Disparities in race/ethnicity and socioeconomic status: risk of mortality of breast cancer patients in the California Cancer Registry, 2000–2010
Sutter Institute for Medical Research, 2801 Capitol Ave Suite 400, Sacramento, CA 95816, USA
BMC Cancer 2013, 13:449 doi:10.1186/1471-2407-13-449Published: 2 October 2013
Racial disparities in breast cancer survival have been well documented. This study examines the association of race/ethnicity and socioeconomic status (SES) on breast cancer-specific mortality in a large population of women with invasive breast cancer.
We identified 179,143 cases of stages 1–3 first primary female invasive breast cancer from the California Cancer Registry from January, 2000 through December, 2010. Cox regression, adjusted for age, year of diagnosis, grade, and ER/PR/HER2 subtype, was used to assess the association of race/ethnicity on breast cancer-specific mortality within strata of stage and SES. Hazard ratios (HR) and 95% confidence intervals were reported.

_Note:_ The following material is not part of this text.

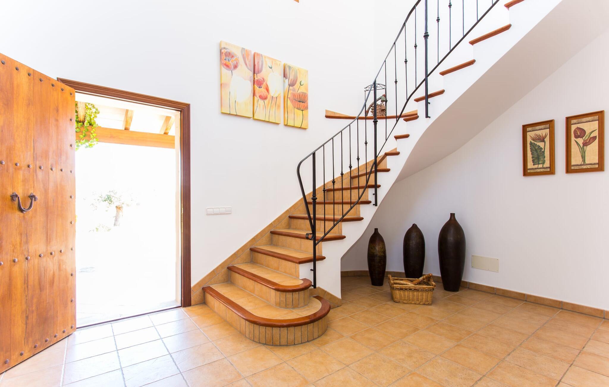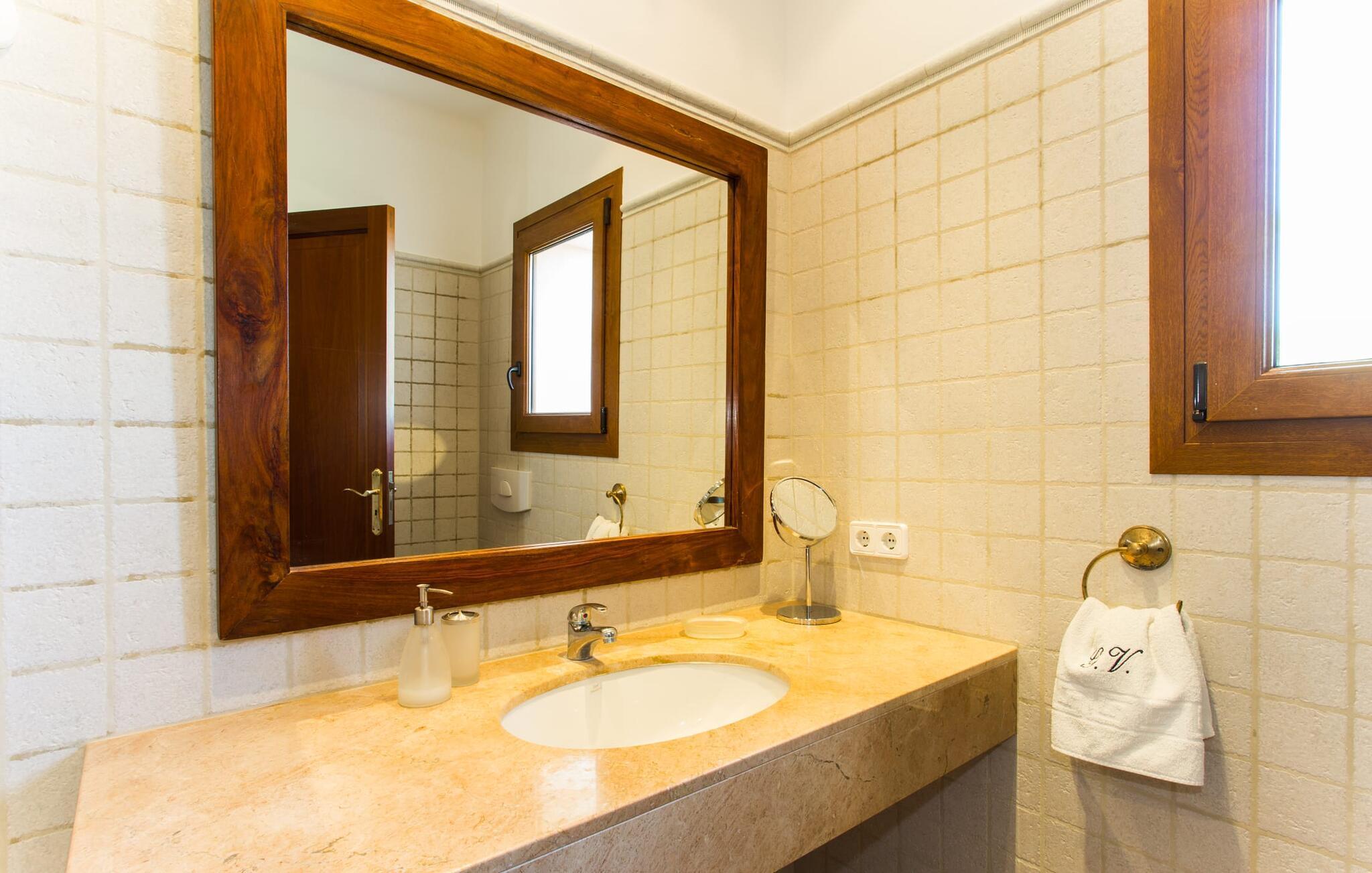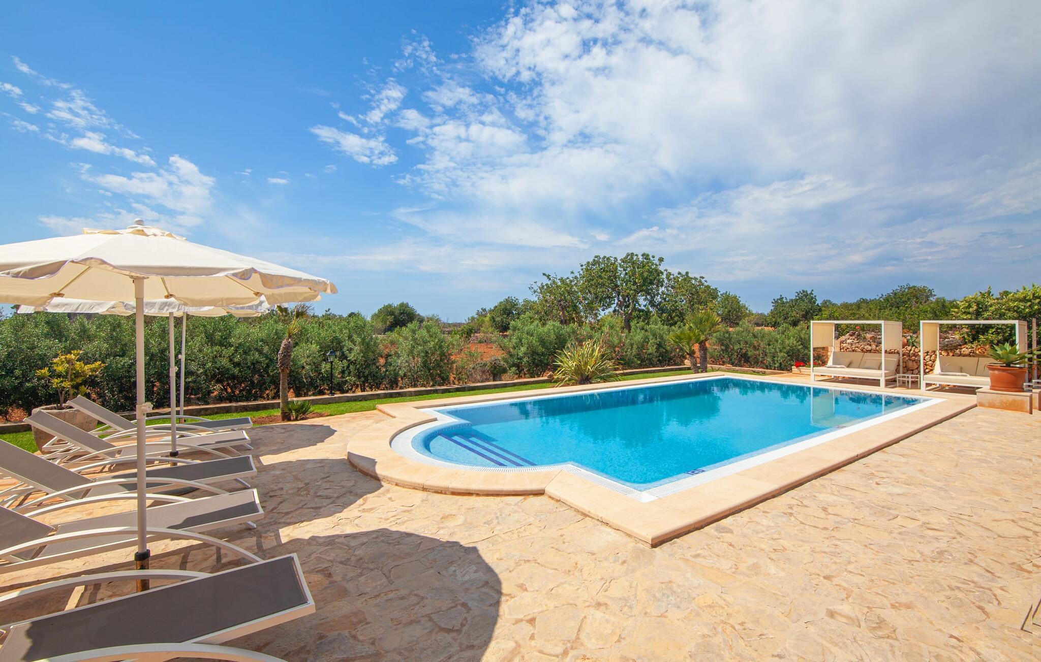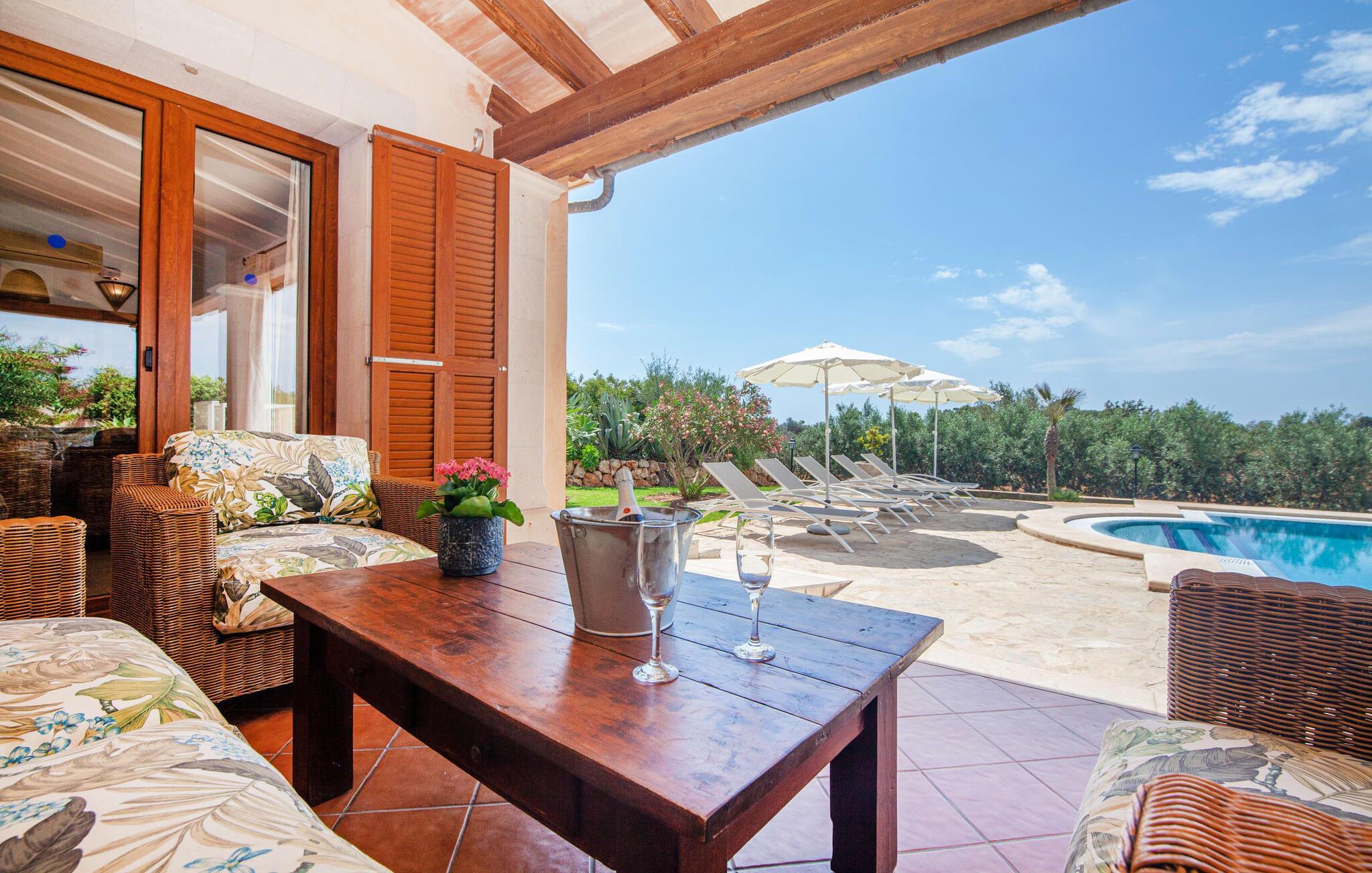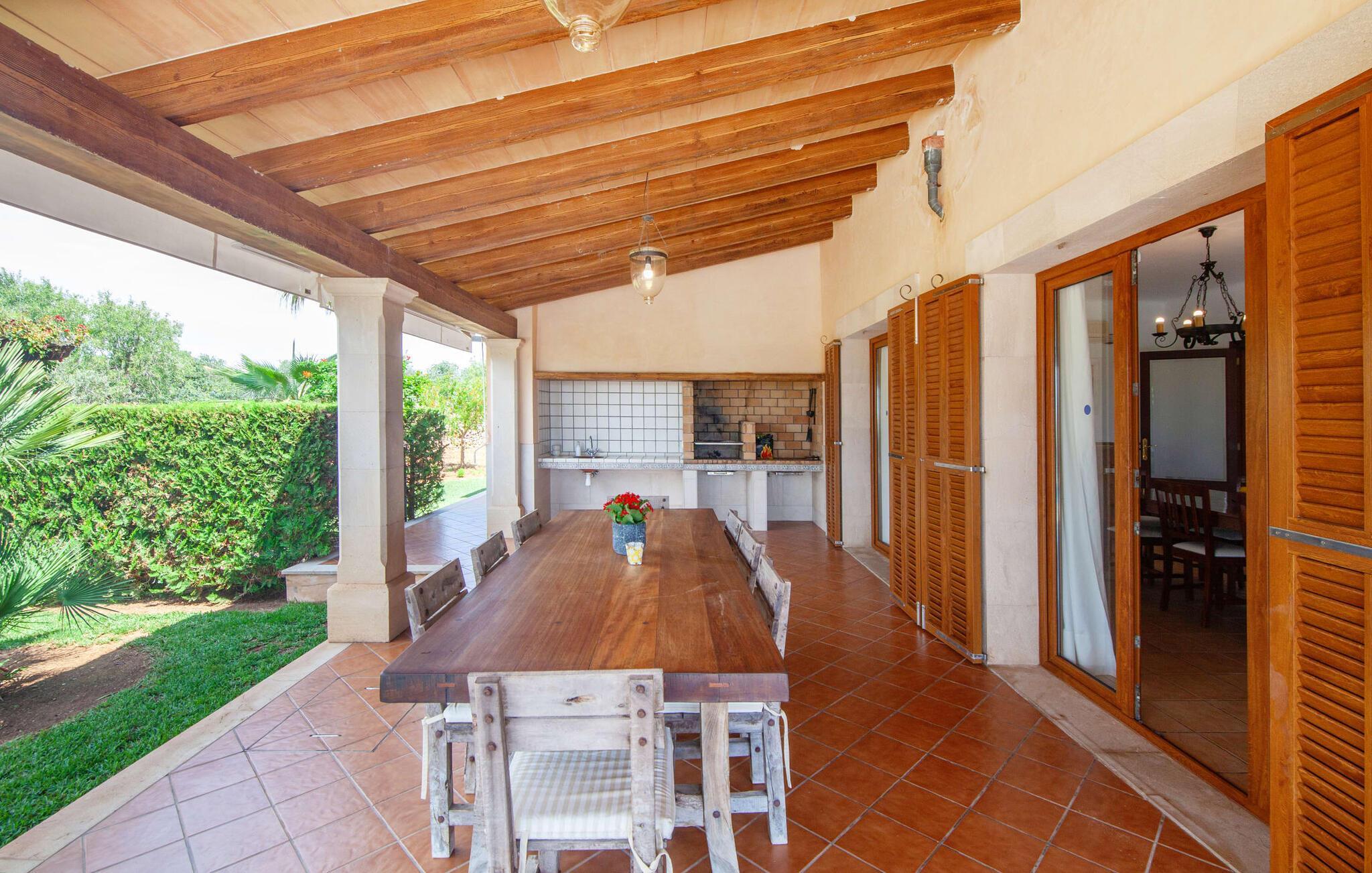 An einem strahlend sonnigen Tag machen wir uns auf den Weg zur Villa „Cas Fidever“, nachdem wir vom Eigentümer Miquel zu einer Besichtigungstour eingeladen wurden. Nach einer schönen Fahrt durch die Landschaft rund um die Villa sind wir neugierig auf das Anwesen und werden mit einem herzlichen Empfang begrüßt. Es ist ein äußerst schönes Ferienhaus und es scheint sehr gepflegt zu sein. Das erste, was uns Miquel zeigt, ist der unglaublich vielseitige Außenbereich. Das Anwesen ist von üppigem mediterranem Grün umgeben und verfügt über einige spektakuläre Bereiche, in denen man den ganzen Tag im Freien verbringen kann und die wir uns unbedingt genauer ansehen müssen. Zwischen dem Haus und dem Pool befindet sich eine große überdachte Terrasse, die einen Teil des Gebäudes umgibt. Es liegt leicht erhöht und bietet einen fantastischen Blick auf den Pool und den Garten. Auf der einen Seite der Terrasse steht ein großer, rustikaler Esstisch, auf der anderen Seite gibt es eine Sitzecke mit einigen sehr bequem aussehenden Rattanstühlen. Beide Bereiche laden auf ihre Art ein, je nachdem, ob Sie gemütlich im Freien essen oder bei einem kühlen Getränk entspannen möchten. In der Nähe des Esstisches befindet sich außerdem eine kleine Außenküche mit gemauertem Grill, auf der Sie abends köstliche Mahlzeiten zubereiten können. Draußen im Garten gibt es noch einen luftigen, überdachten, pavillonartigen Bereich – hier können Sie Tischtennis spielen. Nach einem intensiven Tischtennisspiel können Sie sich unter der praktischen Außendusche abspülen und dann direkt in den luxuriösen Swimmingpool springen, der mit seinen kunstvoll gefliesten Stufen und dunkelblauen Verzierungen ein wahrer Anblick ist. Die Tiefe des Beckens variiert zwischen 1,20 m und 1,85 m. Wenn Sie zum Entspannen bereit sind, können Sie es sich auf dem Rasen oder auf den etwas bequemeren Liegestühlen am Beckenrand gemütlich machen, bei Bedarf auch mit Sonnenschirmen. Und wahrscheinlich müssen Sie einen Weg finden, zu entscheiden, wer auf dem schönen Tagesbett im Freien liegen darf, das attraktiv vor einer breiten Natursteinmauer platziert ist.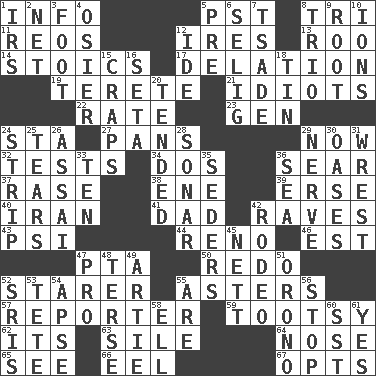 ACROSS 1. A message received and understood 5. Pacific Standard Time (abbr.) 8. Three (prefix) 11. Vintage cars 12. Angers 13. Friend of Pooh 14. Unemotional ones 17. Accusation by an informer 19. Cigar-shaped 21. Foolish or stupid persons 22. Pace 23. Commissioned military rank (abbr.) 24. R.R. building 27. Baking dishes 29. Immediately 32. Trials 34. Two (Sp.) 36. Shrivel 37. Raze (variant) 38. Compass dir. 39. Celtic language 40. SW Asia republic 41. Male parent 42. All-night dance parties 43. 23rd letter of the Greek alphabet 44. Western Nevada city 46. Eastern Standard Time (abbr.) 47. Parent Teacher Assoc. 50. Do over again 52. A viewer who gazes fixedly 55. Michaelmas daisies 57. Newsperson 59. Tootsie (variant) 62. ___ a Wonderful Life 63. Drop; flow; fall 64. Sense of smell 65. Perceive with the eye 66. Snakelike fish 67. Chooses DOWN 1. Big collection agency 2. Fish or hair follower 3. 12 inches 4. Flexible twig of a willow tree 5. Before (prefix) 6. Major League Baseball Commissioner Bud 7. Sadhe (variant) 8. Musical group of three 9. Carrot, for example 10. Charged particles 12. Binary compound 15. Dice game 16. Stalk of a moss capsule 18. Metal container 20. Watched over 24. Long narrow piece of something 25. Pulls into pieces 26. Slender Brazilian palm 28. Underwater navigation system 29. Impudent aggressiveness 30. Fertile tracts in a desert 31. Obtain by seizing forcibly or violently 33. "___ Little Indians" 35. Spring feasts 36. Ocean 42. Cowboy competition 45. Remaining after all deductions 47. Adept person 48. Laconic 49. Nick name for Arthur 51. U. of Maine site 52. Indian titles of respect 53. Wig 54. Domed church section 55. "We ___ not amused" (Victoria) 56. Obstruct or block passage 58. Pipe bend 60. Fast jet (abbr.) 61. Affirmative reply

Stage 1: There was no increased risk of mortality for any race/ethnicity when compared with whites within all SES strata. Stage 2: Hispanics (HR = 0.85; 0.75, 0.97) in the lowest SES category had a reduced risk of mortality.. Blacks had the same risk of mortality as whites in the lowest SES category but an increased risk of mortality in the intermediate (HR = 1.66; 1.34, 2.06) and highest (HR = 1.41; 1.15, 1.73) SES categories. Stage 3: Hispanics (HR = 0.74; 0.64, 0.85) and APIs (HR = 0.64; 0.50, 0.82) in the lowest SES category had a reduced risk while blacks had similar mortality as whites. Blacks had an increased risk of mortality in the intermediate (HR = 1.52; 1.20, 1.92) and highest (HR = 1.53; 1.22, 1.92) SES categories.
When analysis of breast cancer-specific mortality is adjusted for age and year of diagnosis, ER/PR/HER2 subtype, and tumor grade and cases compared within stage and SES strata, much of the black/white disparity disappears. SES plays a prominent role in breast cancer-specific mortality but it does not fully explain the racial/ethnic disparities and continued research in genetic, societal, and lifestyle factors is warranted.